▶ [Work request]: Please return the data that follows precisely as written, but without the images.

Recorded data

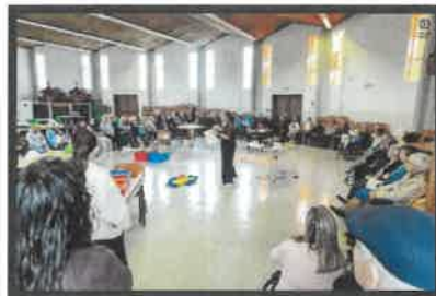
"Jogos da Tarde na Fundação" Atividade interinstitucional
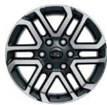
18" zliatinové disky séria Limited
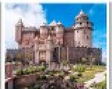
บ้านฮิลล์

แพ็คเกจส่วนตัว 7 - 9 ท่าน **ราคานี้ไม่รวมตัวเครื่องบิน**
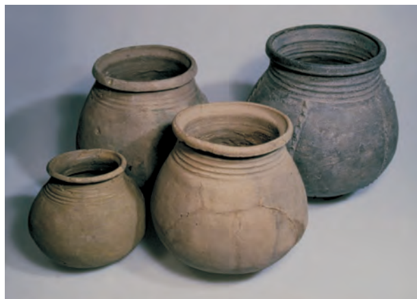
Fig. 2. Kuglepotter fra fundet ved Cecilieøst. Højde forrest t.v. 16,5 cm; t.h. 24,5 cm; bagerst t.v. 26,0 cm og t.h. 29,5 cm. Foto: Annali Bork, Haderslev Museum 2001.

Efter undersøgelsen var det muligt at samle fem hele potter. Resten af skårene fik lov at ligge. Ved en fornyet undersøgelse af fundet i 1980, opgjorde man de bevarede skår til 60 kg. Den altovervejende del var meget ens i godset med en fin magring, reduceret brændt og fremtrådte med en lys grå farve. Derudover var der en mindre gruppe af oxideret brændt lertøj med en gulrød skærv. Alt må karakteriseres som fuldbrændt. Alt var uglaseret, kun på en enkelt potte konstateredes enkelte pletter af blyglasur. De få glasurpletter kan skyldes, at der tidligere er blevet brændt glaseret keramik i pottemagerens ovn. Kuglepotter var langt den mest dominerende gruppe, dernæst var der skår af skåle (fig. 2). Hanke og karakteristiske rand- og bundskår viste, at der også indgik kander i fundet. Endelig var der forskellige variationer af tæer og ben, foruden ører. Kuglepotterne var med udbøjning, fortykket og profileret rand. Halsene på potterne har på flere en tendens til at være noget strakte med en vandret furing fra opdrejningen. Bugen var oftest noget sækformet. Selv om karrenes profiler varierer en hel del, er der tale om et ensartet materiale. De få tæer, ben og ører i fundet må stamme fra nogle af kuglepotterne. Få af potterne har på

▶ [Your response]:
"Jogos da Tarde na Fundação" Atividade interinstitucional
18" zliatinové disky séria Limited
บ้านฮิลล์

แพ็คเกจส่วนตัว 7 - 9 ท่าน **ราคานี้ไม่รวมตัวเครื่องบิน**
Fig. 2. Kuglepotter fra fundet ved Cecilieøst. Højde forrest t.v. 16,5 cm; t.h. 24,5 cm; bagerst t.v. 26,0 cm og t.h. 29,5 cm. Foto: Annali Bork, Haderslev Museum 2001.

Efter undersøgelsen var det muligt at samle fem hele potter. Resten af skårene fik lov at ligge. Ved en fornyet undersøgelse af fundet i 1980, opgjorde man de bevarede skår til 60 kg. Den altovervejende del var meget ens i godset med en fin magring, reduceret brændt og fremtrådte med en lys grå farve. Derudover var der en mindre gruppe af oxideret brændt lertøj med en gulrød skærv. Alt må karakteriseres som fuldbrændt. Alt var uglaseret, kun på en enkelt potte konstateredes enkelte pletter af blyglasur. De få glasurpletter kan skyldes, at der tidligere er blevet brændt glaseret keramik i pottemagerens ovn. Kuglepotter var langt den mest dominerende gruppe, dernæst var der skår af skåle (fig. 2). Hanke og karakteristiske rand- og bundskår viste, at der også indgik kander i fundet. Endelig var der forskellige variationer af tæer og ben, foruden ører. Kuglepotterne var med udbøjning, fortykket og profileret rand. Halsene på potterne har på flere en tendens til at være noget strakte med en vandret furing fra opdrejningen. Bugen var oftest noget sækformet. Selv om karrenes profiler varierer en hel del, er der tale om et ensartet materiale. De få tæer, ben og ører i fundet må stamme fra nogle af kuglepotterne. Få af potterne har på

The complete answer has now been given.